Mr. Carroll was nearly always gay at breakfast; on this morning he was delightful. But he did not tease Catherine, as he often tried to do. Instead, he joked with the boys, with great detriment to their table manners, and reduced Jackie in particular to a condition that shocked even Carter.

As for Catherine, she seemed to Stacey shyer than usual, more withdrawn. This was natural, he thought. After that splendid outburst in defence of him she must of course retreat hurriedly into herself. Which was rather obtuse of Stacey, since he should surely have known by now that for Catherine giving was not logically followed by taking back, but by further giving. At any rate, despite her silence, he felt a closeness to her, a deep intimacy with her. There was a touch of melancholy at his heart, too; for he felt more than he cared to admit. He did not venture to speak much to Catherine—only a few matter-of-fact words. Ah, well, last evening’s scene had temporarily stripped off too many discreet veils, left emotions too naked; by to-night everything would have become normal again. Yet Stacey did not precisely envisage this certainty with satisfaction.
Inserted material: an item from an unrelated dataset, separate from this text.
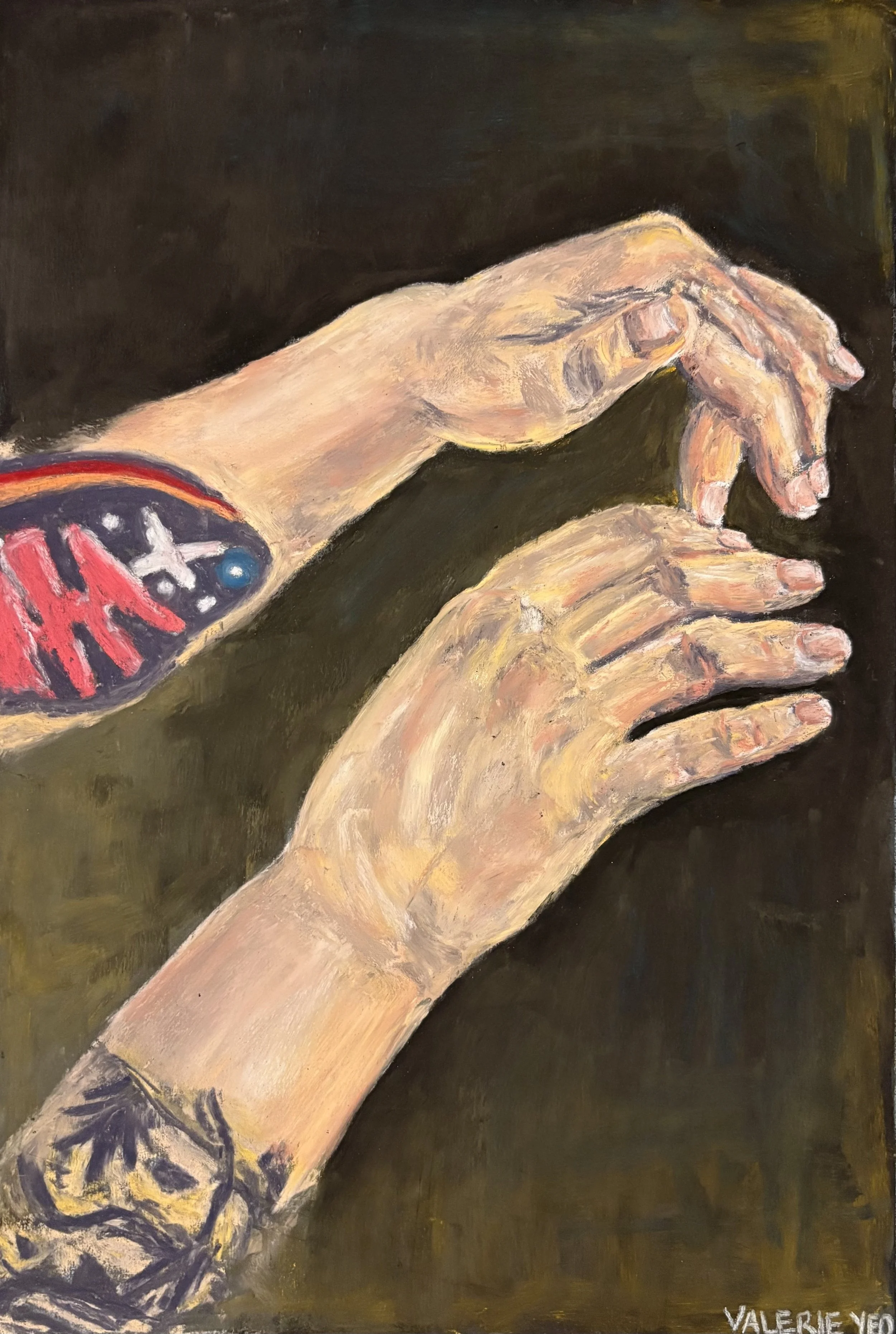 I love the idea of ephemerality, and the beauty of a moment that does not last forever. Much of my recent work draws on themes of diaspora, found family, ancestors, and energy—all elements that are ever changing in nature. I was born in Singapore, a country not yet 100 years old, and I’ve lived many lives since. Sometimes the ghosts of these past lives manifest in different ways, their forms changing with the shifting of each season. Each pair of hands is painted in soft pastel, itself a fragile and ephemeral medium. The hands themselves are also transitory, and they are captured in this series as a moment in time. They will continue to change outside of these snapshots, learning new ways of being, finding paths forward and places of stillness in the midst of life’s chaos.

He motored into town with his father and Catherine, but left them at the door of the Carroll Building and went on to his own office.

He worked that morning with less complete absorption than usual, and at half past twelve went to the lunch-room, hoping to find Edwards.

Edwards was not there, but before Stacey had finished eating he came in, looking radiant. “It’s all right, Carroll,” he said gaily, limping over with a sandwich and coffee. “Your father saw things our way. There’s something pretty fine about him. You can’t help liking him. And then Mrs. Blair, well, she’s just a wonder—the real thing!”

Stacey was rather calmer. “What did father say he’d do?” he asked.

“Oh, he was non-committal, of course! Said he didn’t know whether he could do anything, but he’d try. Remarked that Colin Jeffries was a fair man, one of the fairest he knew, also a great citizen! And I was a lamb, Carroll, swallowed that without even a gulp! So it’s pretty clear he’s gone to take the thing up with Jeffries—or will go.”

Stacey considered his friend curiously. Extraordinary, this thinking in classes! Edwards did not think of capitalists as men; he thought of them as parts of a whole, which was capital. It was only capital he thought about really, as something with an existence of its own. So he took it for granted that if you swung over one capitalist to your side you could swing the whole, just as when you pulled back the lever of an engine you set the entire machine in motion. Neat, very,—but not true. Stacey himself, though he had suggested the scheme, was far from confident that his father could bring Colin Jeffries around, because Stacey saw the problem as a personal problem.

“Well,” he said soberly, “I hope father can pull it off. Come on up to the office.”

They sat in Stacey’s room and smoked silently.